His first venture, Future Prowess Islamic Foundation School, opened a decade ago and was the only school in Borno state in northeast Nigeria to remain open when Boko Haram in 2009 began their brutal campaign to carve out an Islamic state. Future Prowess has grown from 36 students to 540. Desperate for an education, thousands more children have added their names to its waiting list. In 2016, his second school opened just a few kilometres away from the first. Eighty-eight children, all of whom have fled conflict in the region, walk through its classroom doors each day.
The Islamist militants have killed hundreds of teachers and forced more than 1,000 schools to shut, leaving tens of thousands of children without an education, aid agencies say.
UNHCR chief Filippo Grandi hailed Mustapha for helping to foster peace and rebuild communities devastated by violence. According to Grandi:
“Education is one of the most powerful tools for helping refugee children overcome the horrors of violence and forced displacement.”
Mustapha’s work also includes helping to negotiate the release of more than 100 of the 220-odd girls snatched from their school in Chibok in April 2014 in the biggest publicity coup of Boko Haram’s insurgency that prompted global outrage and the international campaign #bringbackourgirls.
The return of 82 of the girls in May marked the second group release of the Chibok girls by the militants – with both deals brokered by Switzerland and the Red Cross and mediated by Mustapha – after a group of 21 were freed in October last year.
A few others have escaped or been rescued but about 113 of the girls are believed to be still held captive by Boko Haram.
The Islamist group has killed at least 20,000 people and uprooted more than 2.7 million across the Lake Chad region and sparked one of the largest humanitarian crises in the world, according to aid agencies.

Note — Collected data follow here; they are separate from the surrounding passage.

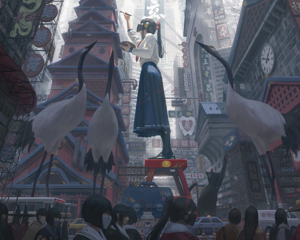 Japanese Anime Girl Painting Fantasy Art Wallpaper - 960x768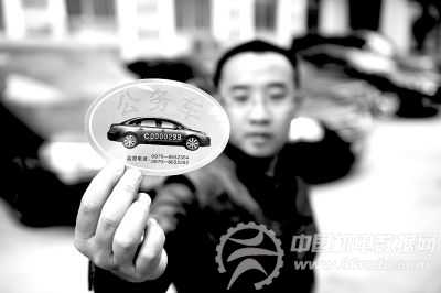 青海省某单位一名驾驶员在展示领取的公务用车标识。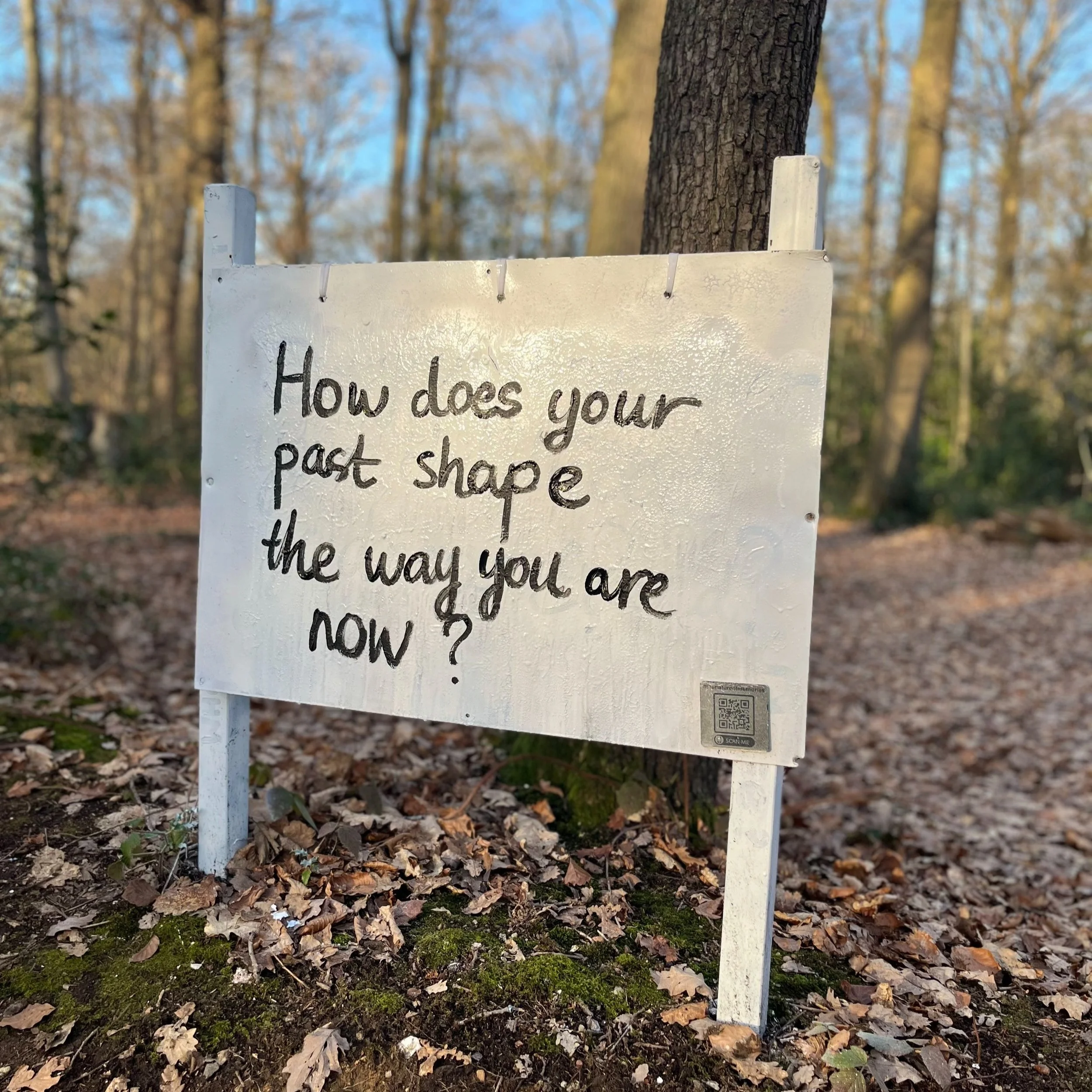 Every fortnight there will appear a quote / question on a sign board hiding among the local trees in the wood of Lye lane. Everyone who drives or walks past is prompted to connect with the message and interpret it in their own way.

Despite being driven back from much of the territory it held, Boko Haram has ramped up attacks this year, targeting civilians and camps for the displaced with suicide bombings.
The UNHCR Nansen Refugees award was established in 1954 and awarded annually to an individual, group or organization in recognition of outstanding service to the cause of refugees, displaced and stateless persons.